Modeling SARS-CoV-2 viral kinetics in hospitalized patients
Nadège Néant1, Guillaume Lingas1, Quentin Le Hingrat1,2, Cédric Laouénan1,3, Benoit Visseaux1,2, Jérémie Guedj1, for the French COVID cohort investigators and study group
1 Université de Paris, INSERM, IAME, Paris, France 2 AP-HP, Hôpital Bichat, Laboratoire de Virologie, Paris, France 3 AP-HP, Hôpital Bichat, Department of Epidemiology Biostatistics and Clinical Research, INSERM CIC-EC 1425, Paris, France.
Objectives: A detailed characterization of viral load kinetics and its association with disease evolution is a key not only to understand the virus pathogenesis but also to identify high-risk patients and design better treatment strategies (1–4). Moreover, the efficacy of the most commonly used antiviral drugs for the treatment of SARS-CoV-2 has not been clearly established yet. In this project we had therefore two mains objectives. Firstly, we developed a joint model of host/pathogen interaction and survival that captures the heterogeneity of observed viral patterns and evaluates the association between viral kinetics and death.
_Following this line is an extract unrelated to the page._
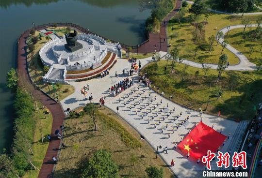 9月27日,来自江西省赣州市于都县长征源小学的70名小学生,站在于都县中央红军长征出发纪念广场上,挥舞国旗、高唱国歌。 刘占昆 摄

Secondly, using this model, we analyzed data from hospitalized patients included in the Discovery trial and treated with either standard of care or remdesivir.
Methods: For the first objective, we analyzed death and viral kinetics for hospitalized patients, enrolled in the French Covid Cohort between February 5th and April 1st 2020, in 18 different hospitals (5). We therefore built a nonlinear mixed effect model of the within-host infection to describe viral dynamics. We then further extended this model to include survival, in order to evaluate the link between viral dynamics, comorbidities and mortality (6–8). Through simulations, we evaluated the effect of a potent antiviral treatment on viral dynamics and mortality.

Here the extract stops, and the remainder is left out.